> _PROBLEM TO SOLVE_: From the data below, repeat exactly the lines from the line with "5月29日,在汕頭市貴嶼鎮(zhèn)北林保嬰幼兒園,莊恩琪練習跳英歌舞。" to the line with "- просторная гостиная", both included.

> _DATA TO PROCESS_:
↓
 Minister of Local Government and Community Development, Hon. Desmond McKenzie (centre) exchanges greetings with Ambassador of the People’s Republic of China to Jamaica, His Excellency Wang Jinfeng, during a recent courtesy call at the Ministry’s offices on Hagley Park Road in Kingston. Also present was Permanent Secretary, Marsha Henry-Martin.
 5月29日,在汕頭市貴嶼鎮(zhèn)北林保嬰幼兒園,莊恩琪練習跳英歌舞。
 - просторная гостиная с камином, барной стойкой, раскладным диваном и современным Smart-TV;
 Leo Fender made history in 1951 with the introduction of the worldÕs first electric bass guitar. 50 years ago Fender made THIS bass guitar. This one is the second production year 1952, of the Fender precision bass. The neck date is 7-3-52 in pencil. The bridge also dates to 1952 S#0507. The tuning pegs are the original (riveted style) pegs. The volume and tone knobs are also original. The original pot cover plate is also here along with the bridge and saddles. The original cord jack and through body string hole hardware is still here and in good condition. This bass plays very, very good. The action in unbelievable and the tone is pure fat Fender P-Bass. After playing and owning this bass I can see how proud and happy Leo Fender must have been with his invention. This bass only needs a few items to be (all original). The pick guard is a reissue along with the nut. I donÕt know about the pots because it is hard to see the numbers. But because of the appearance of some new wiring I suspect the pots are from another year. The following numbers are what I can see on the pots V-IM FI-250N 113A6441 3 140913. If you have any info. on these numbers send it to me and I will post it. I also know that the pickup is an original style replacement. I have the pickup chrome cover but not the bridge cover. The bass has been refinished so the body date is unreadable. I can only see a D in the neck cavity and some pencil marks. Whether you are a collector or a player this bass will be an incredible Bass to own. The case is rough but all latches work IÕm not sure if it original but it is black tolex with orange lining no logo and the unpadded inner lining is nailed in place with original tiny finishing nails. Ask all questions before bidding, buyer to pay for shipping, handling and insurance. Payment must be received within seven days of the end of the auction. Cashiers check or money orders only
↑
↓
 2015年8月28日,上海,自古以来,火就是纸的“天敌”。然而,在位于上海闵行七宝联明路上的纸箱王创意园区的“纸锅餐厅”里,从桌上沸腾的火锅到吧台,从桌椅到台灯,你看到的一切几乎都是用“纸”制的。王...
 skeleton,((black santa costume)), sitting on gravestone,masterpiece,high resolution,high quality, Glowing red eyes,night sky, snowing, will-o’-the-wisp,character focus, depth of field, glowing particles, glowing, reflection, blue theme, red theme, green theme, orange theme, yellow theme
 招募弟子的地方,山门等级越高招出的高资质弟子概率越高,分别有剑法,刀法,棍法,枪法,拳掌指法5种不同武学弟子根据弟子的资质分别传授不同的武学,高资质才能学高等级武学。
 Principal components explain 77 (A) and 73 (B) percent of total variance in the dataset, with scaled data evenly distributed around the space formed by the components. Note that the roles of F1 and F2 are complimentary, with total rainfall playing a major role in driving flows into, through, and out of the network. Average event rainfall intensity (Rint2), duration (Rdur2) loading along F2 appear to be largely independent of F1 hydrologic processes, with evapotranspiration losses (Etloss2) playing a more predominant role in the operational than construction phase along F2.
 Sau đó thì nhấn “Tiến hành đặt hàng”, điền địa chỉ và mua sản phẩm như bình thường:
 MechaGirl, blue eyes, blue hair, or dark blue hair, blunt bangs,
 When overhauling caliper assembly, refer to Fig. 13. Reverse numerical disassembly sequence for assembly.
↑
↓
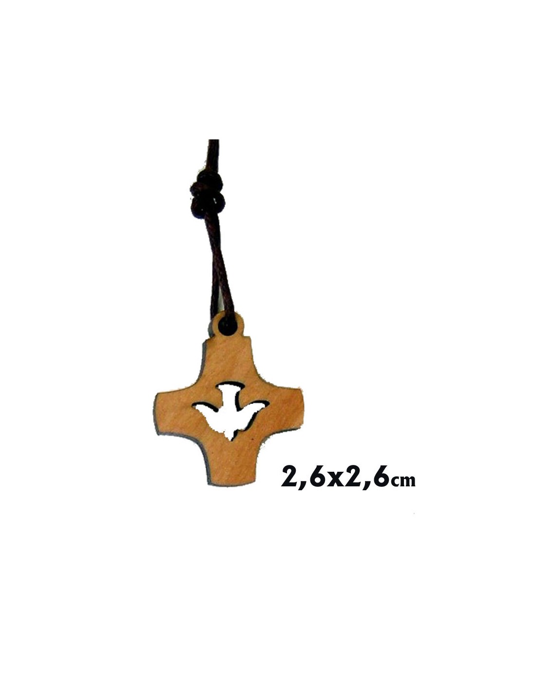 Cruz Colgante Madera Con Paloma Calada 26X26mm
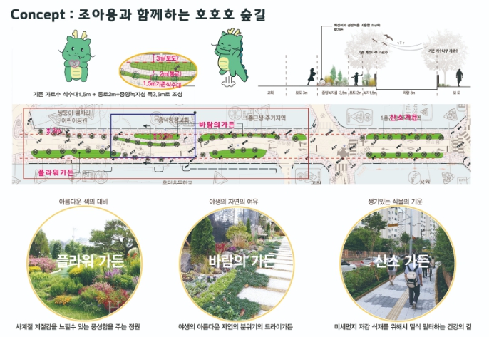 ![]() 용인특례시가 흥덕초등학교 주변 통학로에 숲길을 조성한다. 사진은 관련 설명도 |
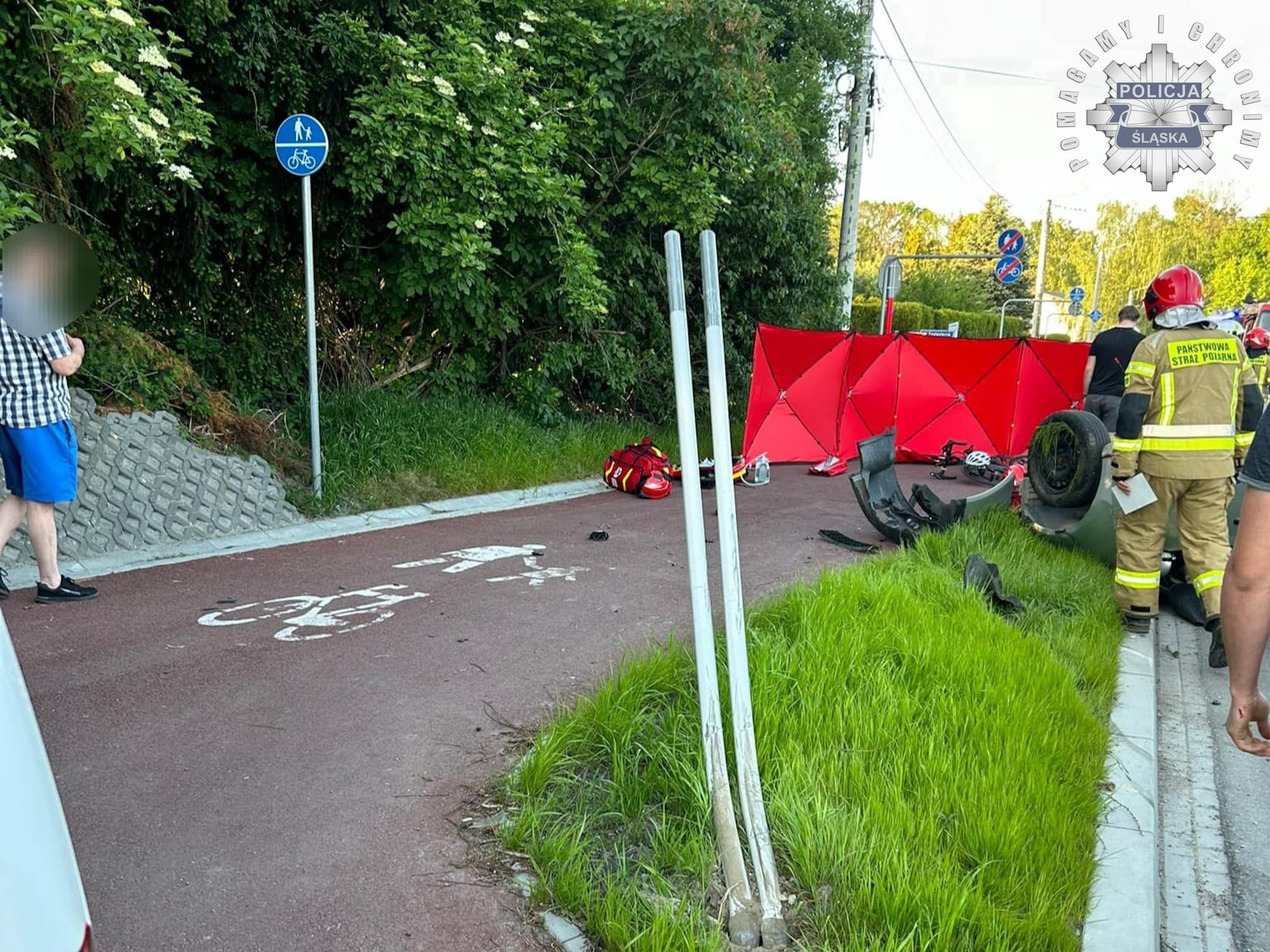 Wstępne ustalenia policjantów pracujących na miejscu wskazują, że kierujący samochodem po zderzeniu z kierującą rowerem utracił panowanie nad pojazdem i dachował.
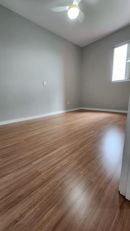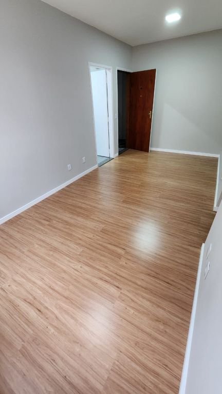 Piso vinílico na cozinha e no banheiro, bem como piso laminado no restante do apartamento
↑
> _RESPONSE TO THE EXERCISE_:
 5月29日,在汕頭市貴嶼鎮(zhèn)北林保嬰幼兒園,莊恩琪練習跳英歌舞。
 - просторная гостиная с камином, барной стойкой, раскладным диваном и современным Smart-TV;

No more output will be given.